**THE PROBLEM:**
Write out again the lines from the line with "Eine Prise Farbe, bitte" up to and including the line with "Die durch die", exactly as they stand below, and skip any picture.

**RECORDS TO PROCESS:**
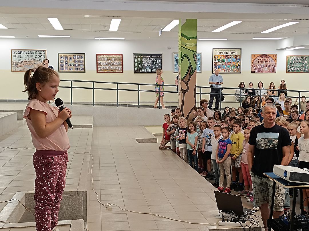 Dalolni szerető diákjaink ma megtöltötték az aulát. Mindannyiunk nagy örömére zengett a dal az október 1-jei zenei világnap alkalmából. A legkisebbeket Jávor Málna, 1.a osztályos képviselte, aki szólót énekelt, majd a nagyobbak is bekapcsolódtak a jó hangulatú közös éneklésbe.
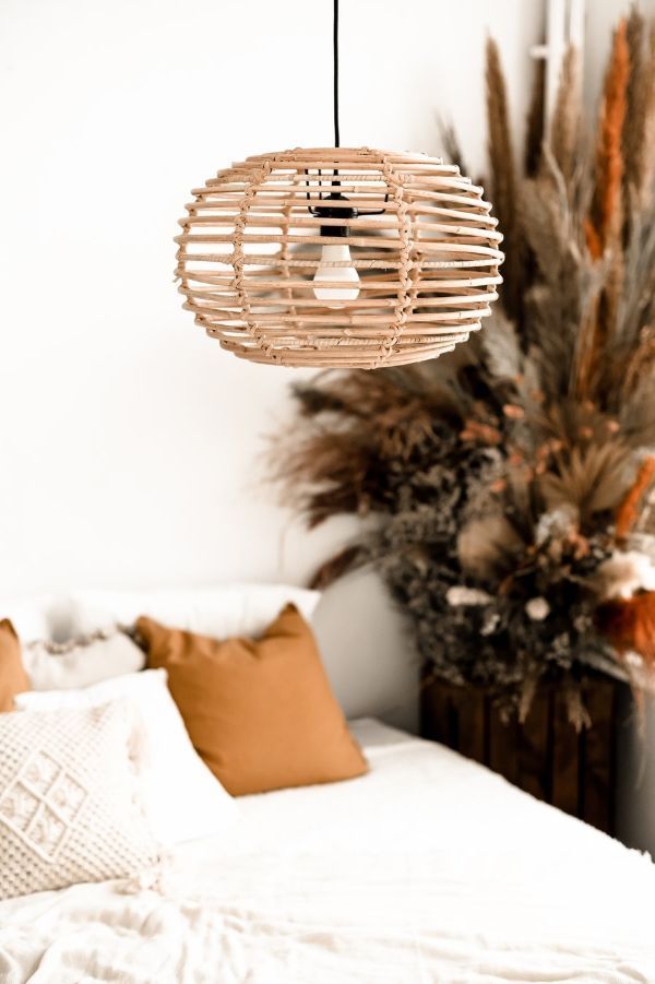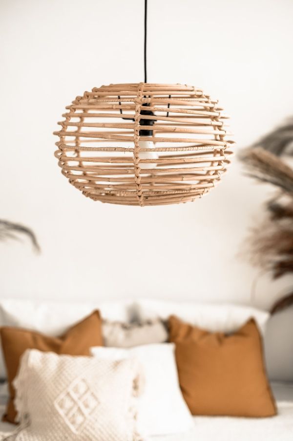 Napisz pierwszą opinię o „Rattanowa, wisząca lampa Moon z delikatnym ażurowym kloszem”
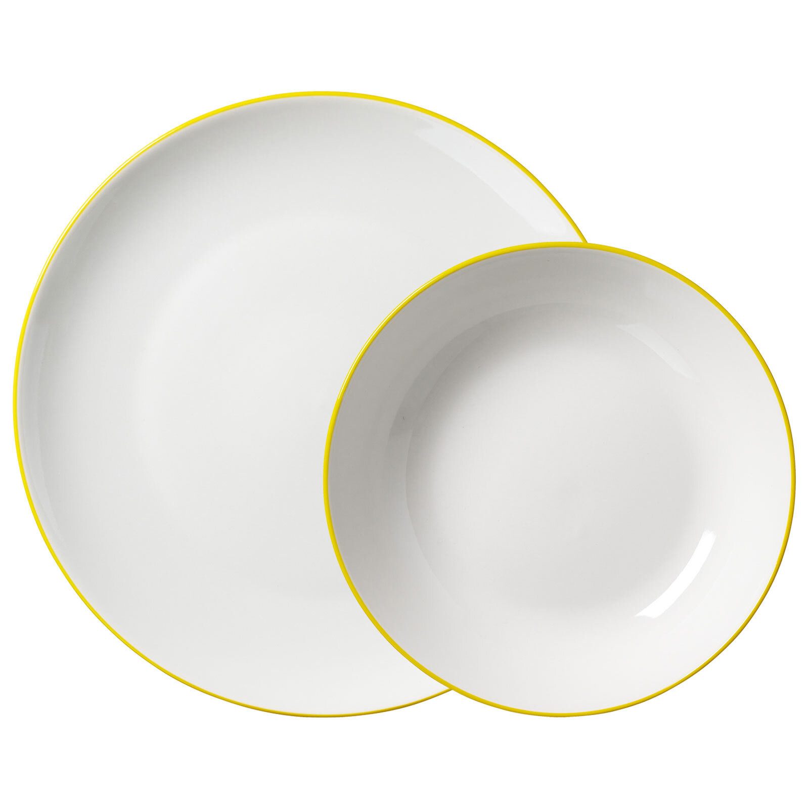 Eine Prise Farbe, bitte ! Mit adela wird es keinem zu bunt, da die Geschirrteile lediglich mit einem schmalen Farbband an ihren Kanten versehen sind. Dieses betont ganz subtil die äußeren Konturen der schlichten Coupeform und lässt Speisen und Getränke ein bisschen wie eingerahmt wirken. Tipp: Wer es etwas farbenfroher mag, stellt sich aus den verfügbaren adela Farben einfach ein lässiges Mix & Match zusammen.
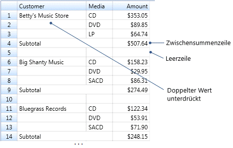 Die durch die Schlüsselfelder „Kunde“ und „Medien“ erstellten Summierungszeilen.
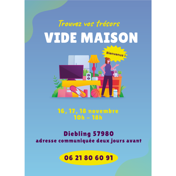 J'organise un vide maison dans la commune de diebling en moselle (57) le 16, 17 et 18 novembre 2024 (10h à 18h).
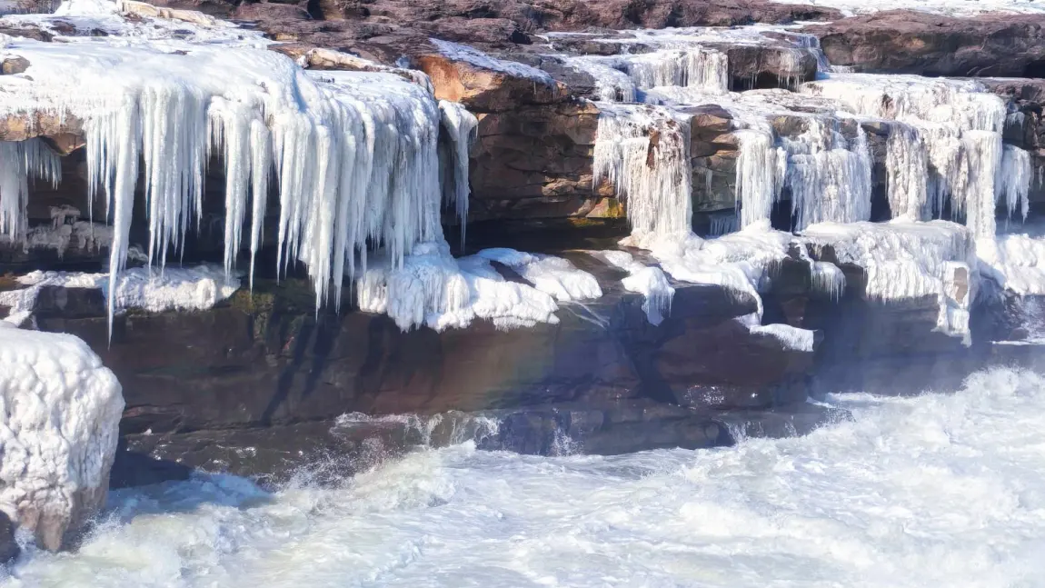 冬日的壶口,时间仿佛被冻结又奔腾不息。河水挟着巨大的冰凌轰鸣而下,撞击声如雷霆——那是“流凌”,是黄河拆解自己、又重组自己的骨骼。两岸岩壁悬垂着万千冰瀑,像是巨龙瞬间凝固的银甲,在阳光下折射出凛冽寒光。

**ANSWER SPACE:**
 Eine Prise Farbe, bitte ! Mit adela wird es keinem zu bunt, da die Geschirrteile lediglich mit einem schmalen Farbband an ihren Kanten versehen sind. Dieses betont ganz subtil die äußeren Konturen der schlichten Coupeform und lässt Speisen und Getränke ein bisschen wie eingerahmt wirken. Tipp: Wer es etwas farbenfroher mag, stellt sich aus den verfügbaren adela Farben einfach ein lässiges Mix & Match zusammen.
 Die durch die Schlüsselfelder „Kunde“ und „Medien“ erstellten Summierungszeilen.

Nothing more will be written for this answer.